Тенверда не любили все. То есть, вообще все. Насколько могла судить Лоя, смертные слуги, хоть и являлись по сути бесправными рабами, относились с уважением к Киршиану и Фаорлину. Эти двое были справедливы и никого просто так не обижали. Остальные Повелители Ночи по большей части просто не замечали своих рабов, что последних вполне устраивало. Зато Тенверда ненавидели даже рабы. И, кажется, среди братьев он тоже не пользовался авторитетом.

Лоя вздохнула с облегчением, когда наконец вышла в ангар, наполненный жужжанием какой-то техники и голосами многочисленных рабочих. Сейчас она позволила себе обернуться и убедилась, что Тенверд не следует за ней. Она понадеялась, что он уже позабыл об этой случайной встрече. Ей показалось, что Тенверд был столь агрессивен, потому что поджидал в коридоре кого-то другого. Впрочем, какая ей разница? Лоя просто мысленно поблагодарила Бога-Императора – единственного бога, в которого она тайно верила – за то, что осталась цела и невредима.

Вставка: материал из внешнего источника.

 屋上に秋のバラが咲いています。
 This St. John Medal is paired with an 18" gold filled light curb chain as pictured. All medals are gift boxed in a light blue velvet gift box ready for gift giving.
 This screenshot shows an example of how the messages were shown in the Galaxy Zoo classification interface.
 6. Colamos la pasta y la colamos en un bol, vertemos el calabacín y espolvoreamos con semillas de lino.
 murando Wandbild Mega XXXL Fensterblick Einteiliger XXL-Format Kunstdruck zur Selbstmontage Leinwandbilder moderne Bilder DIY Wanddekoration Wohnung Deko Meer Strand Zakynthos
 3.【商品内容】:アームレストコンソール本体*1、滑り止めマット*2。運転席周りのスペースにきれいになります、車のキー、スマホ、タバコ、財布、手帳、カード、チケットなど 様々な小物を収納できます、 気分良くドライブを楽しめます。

Она зябко поежилась и обняла себя за плечи. Несмотря на то, что в ангаре было не так холодно, как на всем остальном корабле, ее почему-то пробрала дрожь. Осознание того, что она чуть не попала кое-кому под горячую руку, накрыло ее с запозданием. Некоторое время она просто стояла около отключенного и полуразобранного сервитора-погрузчика, пока ее не вернул к реальности чей-то оклик.

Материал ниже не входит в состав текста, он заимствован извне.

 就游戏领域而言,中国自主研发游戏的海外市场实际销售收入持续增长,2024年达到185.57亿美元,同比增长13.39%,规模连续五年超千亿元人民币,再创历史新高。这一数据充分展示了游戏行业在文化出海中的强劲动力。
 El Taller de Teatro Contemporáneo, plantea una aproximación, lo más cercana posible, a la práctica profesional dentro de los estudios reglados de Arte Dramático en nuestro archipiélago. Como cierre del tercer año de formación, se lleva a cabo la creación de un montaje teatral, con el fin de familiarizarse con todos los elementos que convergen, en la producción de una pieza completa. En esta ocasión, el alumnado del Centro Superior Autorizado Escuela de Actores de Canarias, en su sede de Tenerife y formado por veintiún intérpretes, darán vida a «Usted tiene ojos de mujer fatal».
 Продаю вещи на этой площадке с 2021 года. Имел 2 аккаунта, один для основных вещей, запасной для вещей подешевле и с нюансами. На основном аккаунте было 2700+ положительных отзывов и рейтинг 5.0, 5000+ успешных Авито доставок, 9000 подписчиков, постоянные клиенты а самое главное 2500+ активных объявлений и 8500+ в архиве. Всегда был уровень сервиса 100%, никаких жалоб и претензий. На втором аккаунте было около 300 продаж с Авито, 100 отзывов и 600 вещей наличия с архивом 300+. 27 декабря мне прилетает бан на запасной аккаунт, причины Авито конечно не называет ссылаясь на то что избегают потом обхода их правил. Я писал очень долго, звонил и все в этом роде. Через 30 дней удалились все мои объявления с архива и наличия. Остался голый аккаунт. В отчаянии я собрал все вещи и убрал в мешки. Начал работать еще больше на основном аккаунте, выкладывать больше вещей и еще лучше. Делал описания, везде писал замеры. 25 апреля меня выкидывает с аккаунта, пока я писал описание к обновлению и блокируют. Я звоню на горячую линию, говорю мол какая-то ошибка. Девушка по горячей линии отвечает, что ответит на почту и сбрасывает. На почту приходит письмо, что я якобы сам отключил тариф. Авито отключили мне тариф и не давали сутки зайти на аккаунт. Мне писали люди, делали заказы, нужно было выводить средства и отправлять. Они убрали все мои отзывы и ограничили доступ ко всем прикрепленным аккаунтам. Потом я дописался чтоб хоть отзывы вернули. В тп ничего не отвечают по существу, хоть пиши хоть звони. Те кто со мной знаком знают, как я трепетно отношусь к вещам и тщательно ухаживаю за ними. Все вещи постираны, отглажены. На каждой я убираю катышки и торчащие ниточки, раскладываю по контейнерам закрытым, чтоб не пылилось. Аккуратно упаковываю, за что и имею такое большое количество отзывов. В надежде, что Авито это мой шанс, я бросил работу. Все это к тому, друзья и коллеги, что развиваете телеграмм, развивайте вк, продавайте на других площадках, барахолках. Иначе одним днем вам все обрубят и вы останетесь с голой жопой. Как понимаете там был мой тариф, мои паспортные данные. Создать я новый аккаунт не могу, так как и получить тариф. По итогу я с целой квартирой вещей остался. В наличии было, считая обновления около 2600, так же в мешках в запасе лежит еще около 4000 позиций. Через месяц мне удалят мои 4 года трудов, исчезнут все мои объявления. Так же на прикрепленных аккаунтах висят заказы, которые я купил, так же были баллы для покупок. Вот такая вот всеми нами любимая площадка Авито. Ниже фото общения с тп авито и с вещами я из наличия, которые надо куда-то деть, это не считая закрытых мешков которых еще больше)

- Эй, Лоя! – раздался откуда-то сверху звонкий и излишне бодрый голос. – Какие новости? Тебе что, снова воды не досталось?

Она подняла голову. С крыши стоящего неподалеку «Громового ястреба» на нее с любопытством взирал Ник Бутхейн, нагловатый и не в меру активный пацаненок, которому на настоящий момент едва ли исполнилось семнадцать.

Ник вырос в трюме «Бродяги» и никогда не знал своих настоящих родителей. Кажется, их убили в очередной драке за еду, а может, они просто однажды умерли от холода и болезней. За мелким пацаненком присматривали по очереди все, кому было хоть немного не все равно на судьбу одинокого ребенка, а потом этот тип каким-то образом пролез в помощники к механикам и с тех пор вел себя так, будто он всем здесь лучший друг. Лою он откровенно раздражал. Ник, кажется, был всем доволен. Он знал гораздо худшую жизнь и никогда не видел мир за пределами мрачного холодного корабля, поэтому свое положение считал более-менее привилегированным. И хозяев он, кажется, нисколько не боялся – или делал вид, что не боялся. По крайней мере, с такими же слугами, как он, этот мелкий наглец вел себя очень даже самоуверенно.

- Отстань от меня, придурок, - огрызнулась Лоя и поспешила отойти подальше от «Ястреба».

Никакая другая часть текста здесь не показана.